* [What is required]
Repeat the entries word for word. Leave nothing out.

++++ Materials provided

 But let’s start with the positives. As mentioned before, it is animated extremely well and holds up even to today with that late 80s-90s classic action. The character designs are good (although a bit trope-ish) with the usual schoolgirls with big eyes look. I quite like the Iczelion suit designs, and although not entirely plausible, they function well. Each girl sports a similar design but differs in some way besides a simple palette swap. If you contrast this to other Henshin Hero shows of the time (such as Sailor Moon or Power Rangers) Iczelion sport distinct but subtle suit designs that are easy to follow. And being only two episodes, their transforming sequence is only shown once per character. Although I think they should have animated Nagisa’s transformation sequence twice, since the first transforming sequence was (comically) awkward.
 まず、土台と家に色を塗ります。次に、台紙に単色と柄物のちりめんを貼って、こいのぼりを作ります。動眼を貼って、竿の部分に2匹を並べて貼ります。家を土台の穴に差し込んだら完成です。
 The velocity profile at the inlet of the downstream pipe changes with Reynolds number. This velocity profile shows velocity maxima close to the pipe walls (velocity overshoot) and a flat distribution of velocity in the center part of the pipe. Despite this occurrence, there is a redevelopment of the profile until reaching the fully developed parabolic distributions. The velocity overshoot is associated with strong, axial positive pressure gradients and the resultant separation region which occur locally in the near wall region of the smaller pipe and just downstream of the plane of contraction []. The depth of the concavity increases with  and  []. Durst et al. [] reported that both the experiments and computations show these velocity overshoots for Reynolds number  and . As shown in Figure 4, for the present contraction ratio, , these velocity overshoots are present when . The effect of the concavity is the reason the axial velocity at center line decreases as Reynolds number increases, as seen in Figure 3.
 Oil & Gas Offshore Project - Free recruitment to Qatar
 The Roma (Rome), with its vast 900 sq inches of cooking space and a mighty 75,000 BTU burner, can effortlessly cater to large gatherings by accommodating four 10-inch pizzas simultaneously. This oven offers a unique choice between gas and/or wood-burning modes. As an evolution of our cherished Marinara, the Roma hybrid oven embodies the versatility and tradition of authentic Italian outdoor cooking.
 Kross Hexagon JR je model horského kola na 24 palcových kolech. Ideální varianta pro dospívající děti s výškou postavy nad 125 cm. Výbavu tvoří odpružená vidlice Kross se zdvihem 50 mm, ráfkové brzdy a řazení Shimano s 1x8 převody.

++++++++

* [Your response]
 But let’s start with the positives. As mentioned before, it is animated extremely well and holds up even to today with that late 80s-90s classic action. The character designs are good (although a bit trope-ish) with the usual schoolgirls with big eyes look. I quite like the Iczelion suit designs, and although not entirely plausible, they function well. Each girl sports a similar design but differs in some way besides a simple palette swap. If you contrast this to other Henshin Hero shows of the time (such as Sailor Moon or Power Rangers) Iczelion sport distinct but subtle suit designs that are easy to follow. And being only two episodes, their transforming sequence is only shown once per character. Although I think they should have animated Nagisa’s transformation sequence twice, since the first transforming sequence was (comically) awkward.
 まず、土台と家に色を塗ります。次に、台紙に単色と柄物のちりめんを貼って、こいのぼりを作ります。動眼を貼って、竿の部分に2匹を並べて貼ります。家を土台の穴に差し込んだら完成です。
 The velocity profile at the inlet of the downstream pipe changes with Reynolds number. This velocity profile shows velocity maxima close to the pipe walls (velocity overshoot) and a flat distribution of velocity in the center part of the pipe. Despite this occurrence, there is a redevelopment of the profile until reaching the fully developed parabolic distributions. The velocity overshoot is associated with strong, axial positive pressure gradients and the resultant separation region which occur locally in the near wall region of the smaller pipe and just downstream of the plane of contraction []. The depth of the concavity increases with  and  []. Durst et al. [] reported that both the experiments and computations show these velocity overshoots for Reynolds number  and . As shown in Figure 4, for the present contraction ratio, , these velocity overshoots are present when . The effect of the concavity is the reason the axial velocity at center line decreases as Reynolds number increases, as seen in Figure 3.
 Oil & Gas Offshore Project - Free recruitment to Qatar
 The Roma (Rome), with its vast 900 sq inches of cooking space and a mighty 75,000 BTU burner, can effortlessly cater to large gatherings by accommodating four 10-inch pizzas simultaneously. This oven offers a unique choice between gas and/or wood-burning modes. As an evolution of our cherished Marinara, the Roma hybrid oven embodies the versatility and tradition of authentic Italian outdoor cooking.
 Kross Hexagon JR je model horského kola na 24 palcových kolech. Ideální varianta pro dospívající děti s výškou postavy nad 125 cm. Výbavu tvoří odpružená vidlice Kross se zdvihem 50 mm, ráfkové brzdy a řazení Shimano s 1x8 převody.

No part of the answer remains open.